Problem to solve >> Would you reproduce the whole listing exactly, dropping any pictures it holds?

Data shown >>
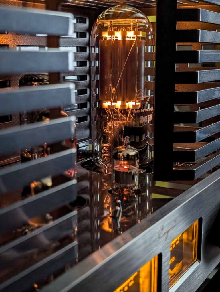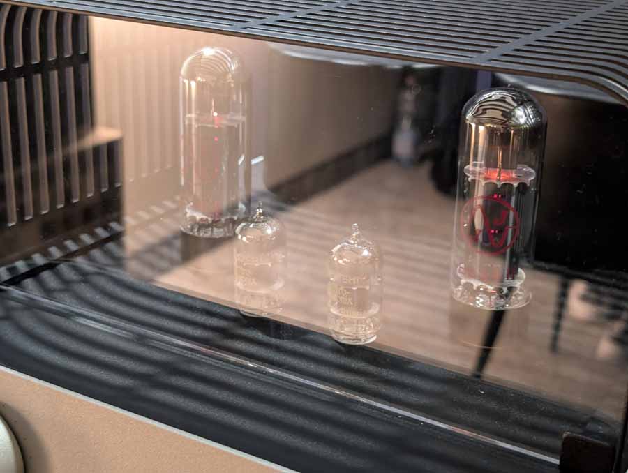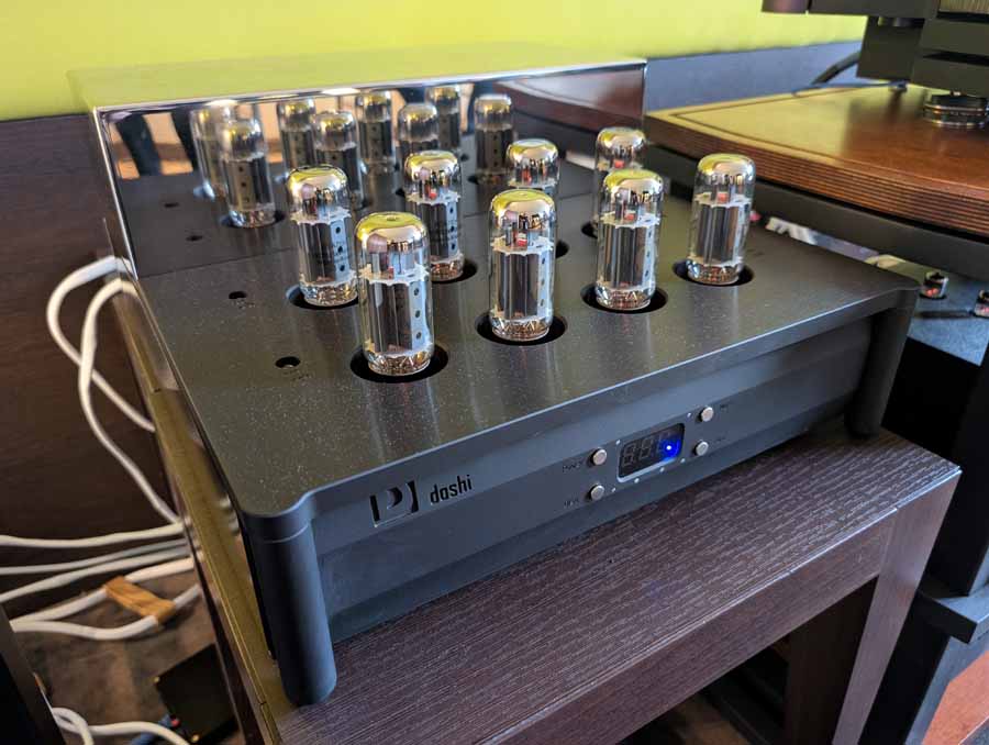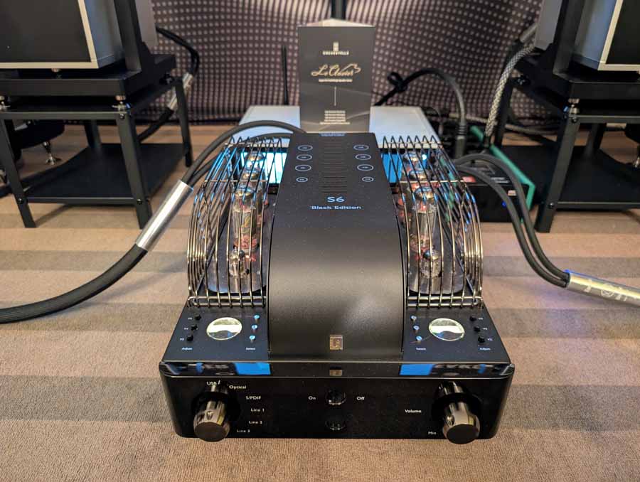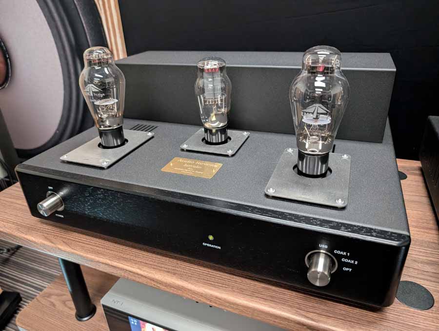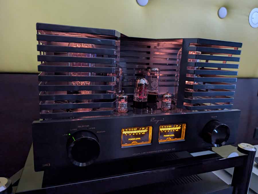 Line Magnetic and Lab12 tube amps with Psvane tubes partnered with AudioSolutions Virtuosos speakers in this demo room, a great pairing. Massive Attack’s Angel sounded excellent with plenty of deep, pulsating bass and clarity when the vocals kick in.
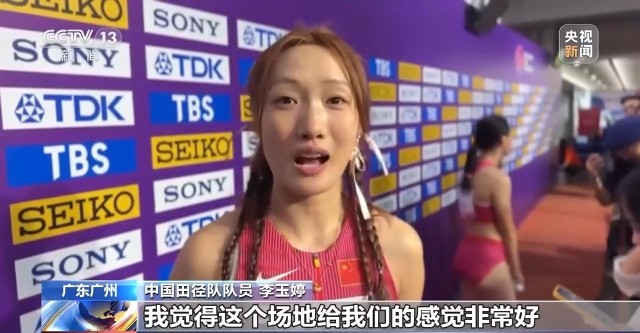 中国田径队队员 李玉婷:我觉得这个场地给我们的感觉非常好,因为它非常有弹性,现场观众非常非常热情。
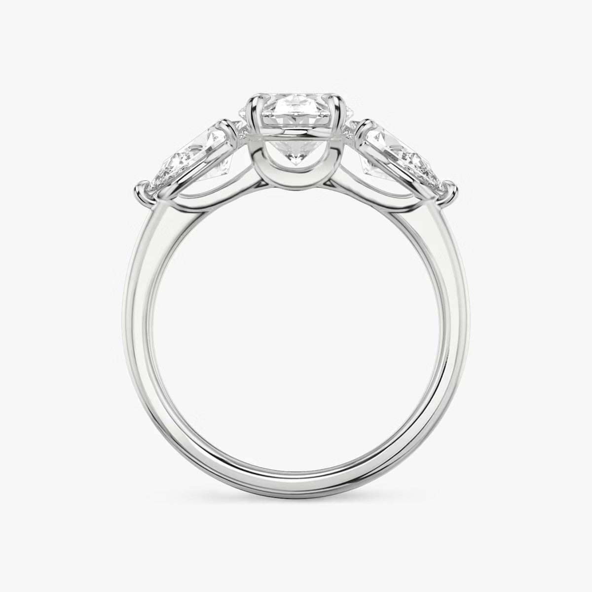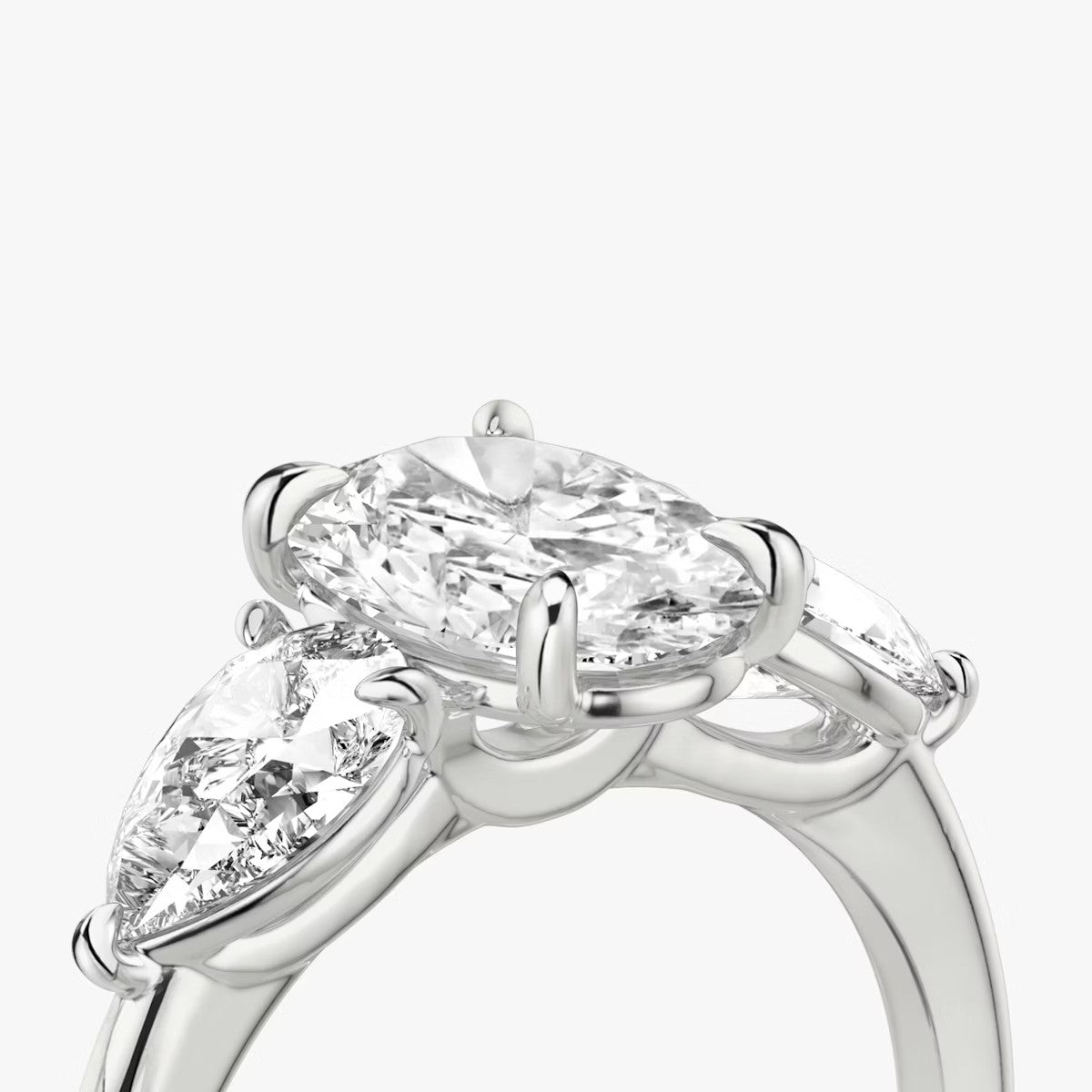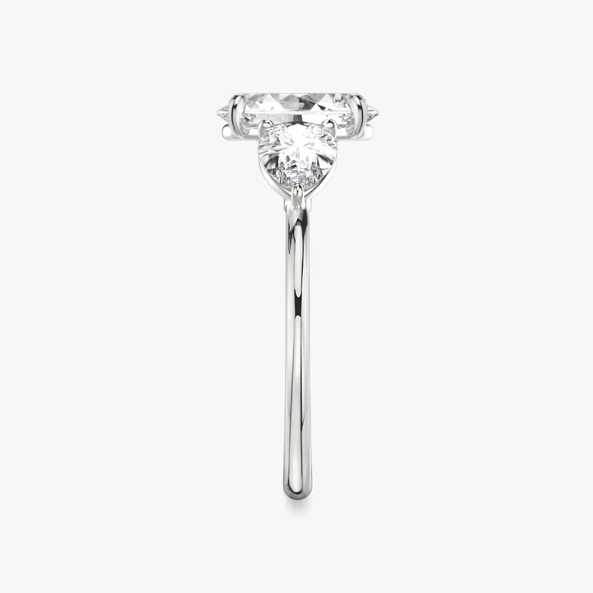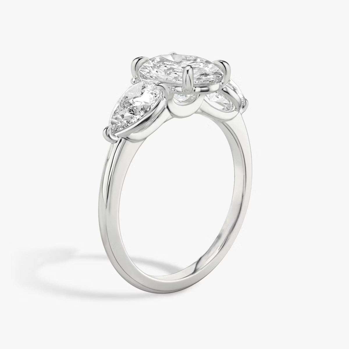 Oval Cut - Plain Band - Three Stone Ring- 0.5 Ct Side Stone each - 18 K Gold
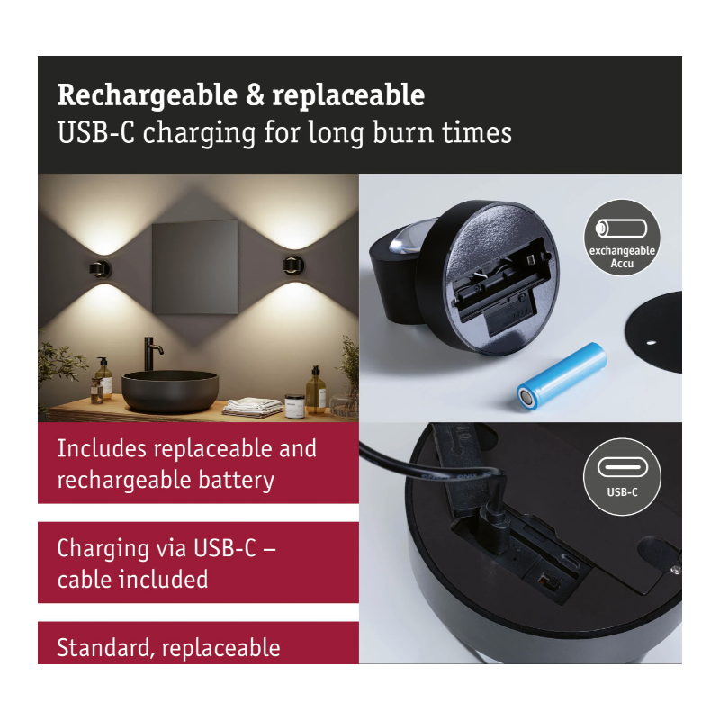 Uzlādējami gaismekļi ir praktisks un ekonomisks risinājums mājīgam un drošam apgaismojumam ārā bez elektroinstalācijas. Šie modernie LED gaismekļi darbojas ar integrētām baterijām, tāpēc tie lieliski piemēroti pagalmiem, dārziem un terasēm. Uzlādējamie āra gaismekļi ir izturīgi pret mitrumu, ilgmūžīgi un ļoti energoefektīvi. Autonomā darbība ļauj apgaismot arī vietas, kur parastie apgaismojuma risinājumi nav pieejami.

Result for this task >>
 Line Magnetic and Lab12 tube amps with Psvane tubes partnered with AudioSolutions Virtuosos speakers in this demo room, a great pairing. Massive Attack’s Angel sounded excellent with plenty of deep, pulsating bass and clarity when the vocals kick in.
 中国田径队队员 李玉婷:我觉得这个场地给我们的感觉非常好,因为它非常有弹性,现场观众非常非常热情。
 Oval Cut - Plain Band - Three Stone Ring- 0.5 Ct Side Stone each - 18 K Gold
 Uzlādējami gaismekļi ir praktisks un ekonomisks risinājums mājīgam un drošam apgaismojumam ārā bez elektroinstalācijas. Šie modernie LED gaismekļi darbojas ar integrētām baterijām, tāpēc tie lieliski piemēroti pagalmiem, dārziem un terasēm. Uzlādējamie āra gaismekļi ir izturīgi pret mitrumu, ilgmūžīgi un ļoti energoefektīvi. Autonomā darbība ļauj apgaismot arī vietas, kur parastie apgaismojuma risinājumi nav pieejami.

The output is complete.